RESTATED 2003 STOCK INCENTIVE PERFORMANCE PLAN
1. | Defined Terms |
Exhibit A, which is incorporated herein by reference, defines the terms used in the Plan and sets forth certain operational rules related to those terms.
2. | Purpose |
The Plan has been established to advance the interests of the Company and to increase shareholder value by providing for the grant to Participants of Stock-based and other incentive Awards which provide such Participants with a proprietary interest in the growth and performance of the Company and with incentives for continued service to the Company and its Affiliates.
3. | Term |
The Plan shall become effective upon adoption of the Plan by the Board, subject to shareholder approval within twelve months after adoption. The Board may grant Awards under the Plan prior to such shareholder approval, but any such Award shall become effective as of the date of grant only upon such approval and, accordingly, no such Award may be exercisable prior to such approval. The Plan shall remain in effect until December 31, 2010 unless sooner terminated by the Board, subject to Section 10 hereof. After termination of the Plan, no future Awards may be granted under the Plan, but previously granted Awards shall remain outstanding in accordance with their applicable terms and conditions.
4. | Administration |
The Administrator has full and exclusive discretionary authority, subject only to the express provisions of the Plan, to interpret, construe and implement the Plan; determine eligibility for and grant Awards; determine, modify or waive the terms and conditions of any Award; prescribe, implement and modify forms, rules and procedures for operation of the Plan; and otherwise do all things necessary to carry out the purposes of the Plan. In the case of any Award intended to be eligible for the performance-based compensation exception under Section 162(m), the Administrator will exercise its discretion consistent with qualifying the Award for that exception. Determinations of the Administrator made under the Plan will be conclusive and will bind all parties and Participants under the Plan. The Administrator shall be entitled to rely on reports, opinions, or statements of officers or employees of the Company as well as those of counsel, public accountants and other professional or expert persons. No member of the Administrator shall be subject to any individual liability with respect to the Plan.

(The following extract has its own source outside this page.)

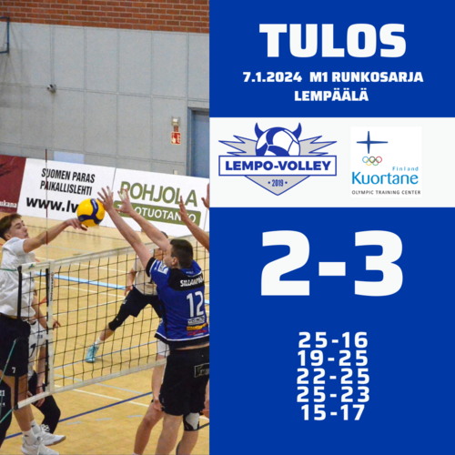 M1 RUNKOSARJA LEMPO-VOLLEY – KUORTANEEN MURIKAT 2–3 (25–16, 19–25, 22–25, 25–23, 15–17)

Notwithstanding the foregoing, as is more fully set forth in Section 10 of the Plan, the Administrator may not make material amendments to the Plan or reprice Stock Options granted under the Plan without shareholder approval.

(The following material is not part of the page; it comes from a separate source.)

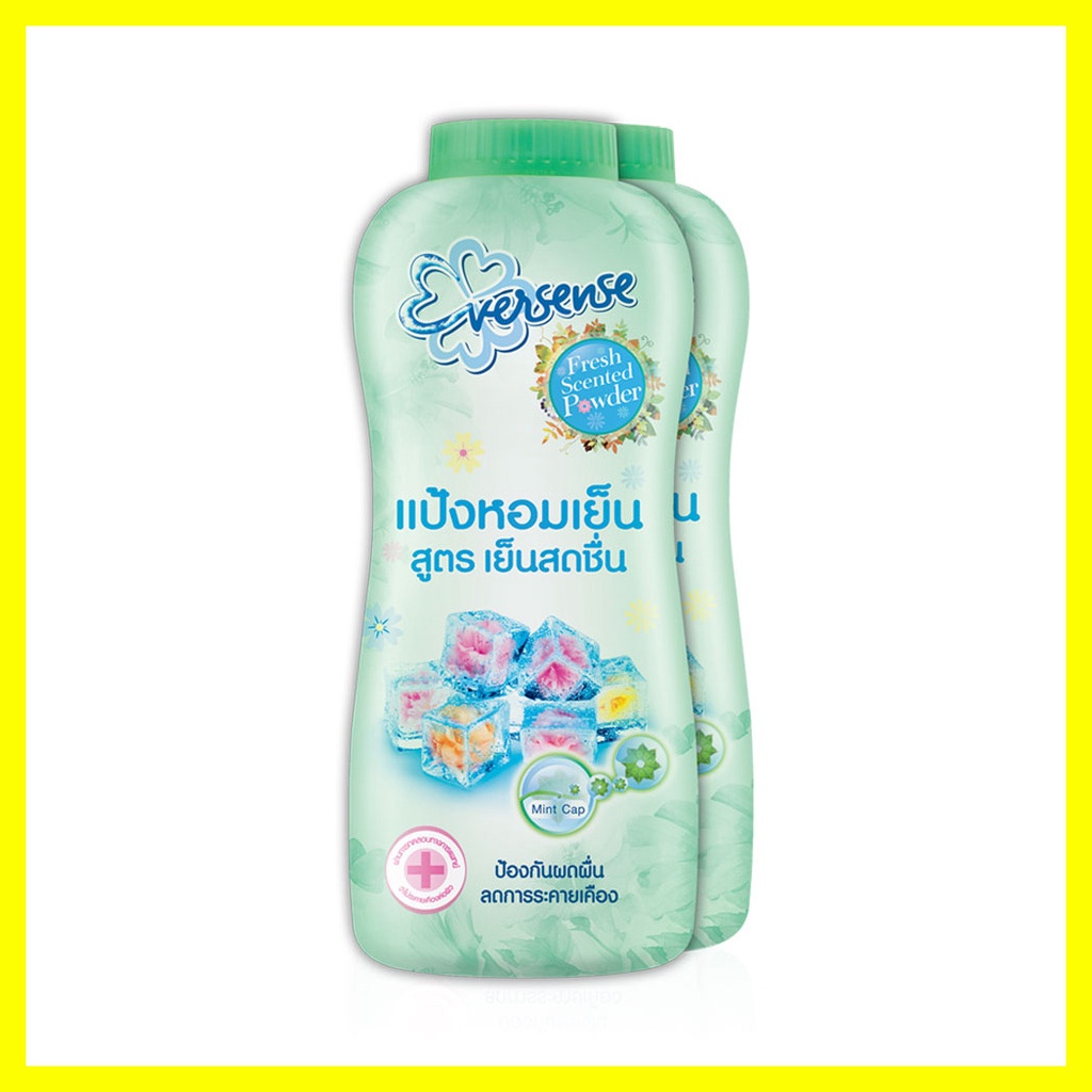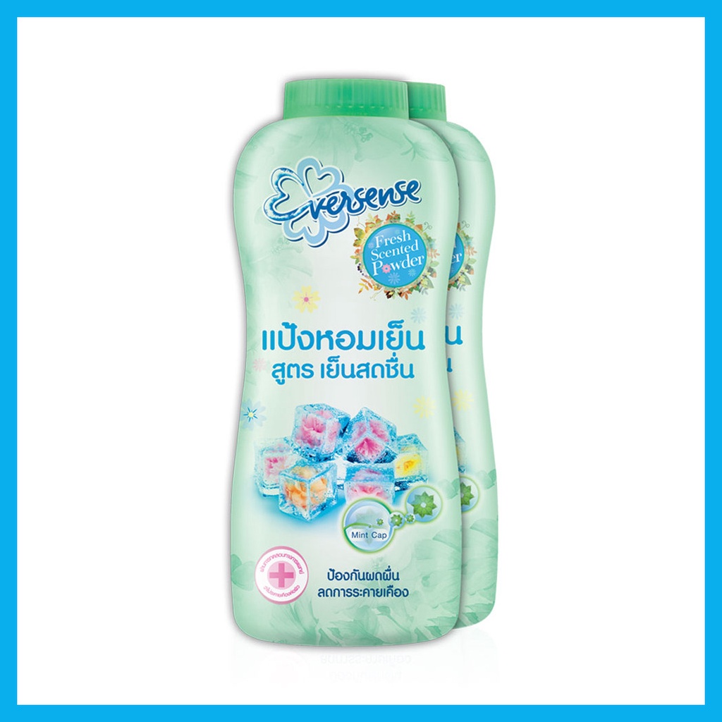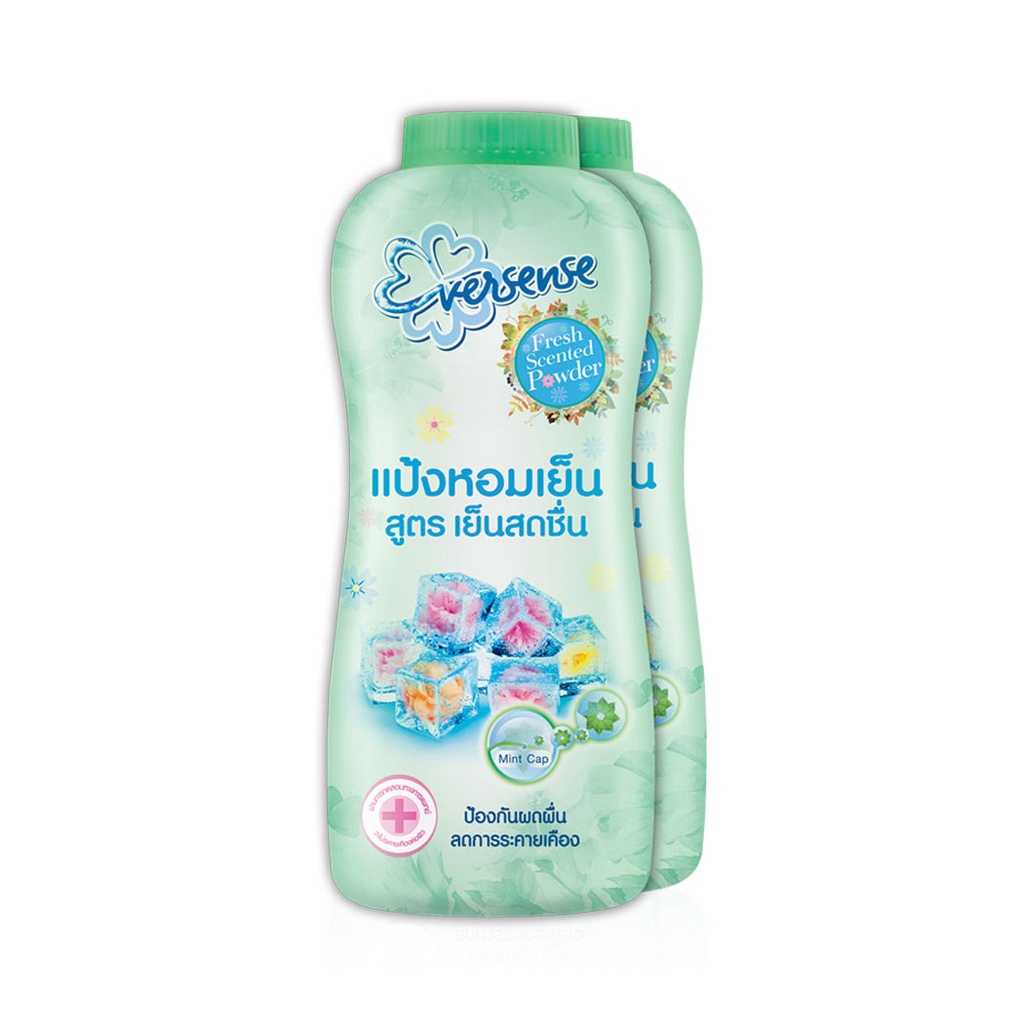 Eversense Fresh Scented Cooling Talcum [280g x 2pcs] #Greenแป้งหอมเย็นสีเขียว มีมินท์แคปซูล ช่วยกระจายความหอม ให้ความเย็นสดชื่นได้ตลอดวัน แถมยังมี Allantoin ช่วยลดผดผื่น ได้รับการรับรองแล้วว่าอ่อนโยนต่อผิว เหมาะกับผิวแพ้ง่าย จากการทดสอบทางการแพทย์ผิวหนัง• หอมนาน ด้วยเทคโนโลยีมินท์แคปซูล แตกตัวกระจายความหอม ให้ผิวกายหอมสดชื่น เย็นสบายตลอดทั้งวัน

The grant of any Awards under the Plan is at the sole discretion of the Administrator. The Plan does not entitle any person eligible to participate in the Plan to any Awards and there is no guarantee that any person eligible to participate will be granted Awards under the Plan. No Participant shall have any right by reason of the grant of any Award under the Plan to continued employment by the Company. To the extent that Awards are made under the Plan, the terms of Awards may differ between different Award grants and Participants, whether or not such Participants or potential Participants are similarly situated.
The Administrator will exercise its discretion under the Plan in such a way as to comply, to the maximum extent practicable in carrying out the goals of the Plan, in a manner consistent with the requirements of Code Section 409A or an exemption from those requirements, provided, however, that neither the Administrator, the Company or the Plan shall have any liability for any failure to so comply.
B-1
5. | Shares Subject to the Plan and Limits on Awards Under the Plan |
(a) Number of Shares. A maximum of 17,500,000 shares of Stock may be delivered pursuant to Awards under the Plan. No more than 6,500,000 shares of Stock may be delivered pursuant to Awards other than Stock Options or SARs. Notwithstanding anything in the Plan to the contrary, any shares of Stock that are issued by the Company, and any Awards that are granted by, or become obligations of, the Company, through the assumption by the Company of, or in substitution for, outstanding awards previously granted by an acquired company shall not be counted against the shares of Stock available for delivery under the Plan and the terms and conditions of any such awards shall be the original terms and conditions thereof as adjusted by or pursuant to any applicable acquisition agreements. Shares tendered in payment of an Awards exercise price, shares withheld to pay taxes due upon an Award and shares purchased by the Company using proceeds from Awards will not increase the total number of remaining shares authorized to be delivered pursuant to Awards under the Plan, and the gross number of shares covered by any SAR Awards granted under the Plan, as opposed to the net number of shares actually delivered under SARs, will be deducted from the number of shares remaining available for delivery pursuant to Awards under the Plan.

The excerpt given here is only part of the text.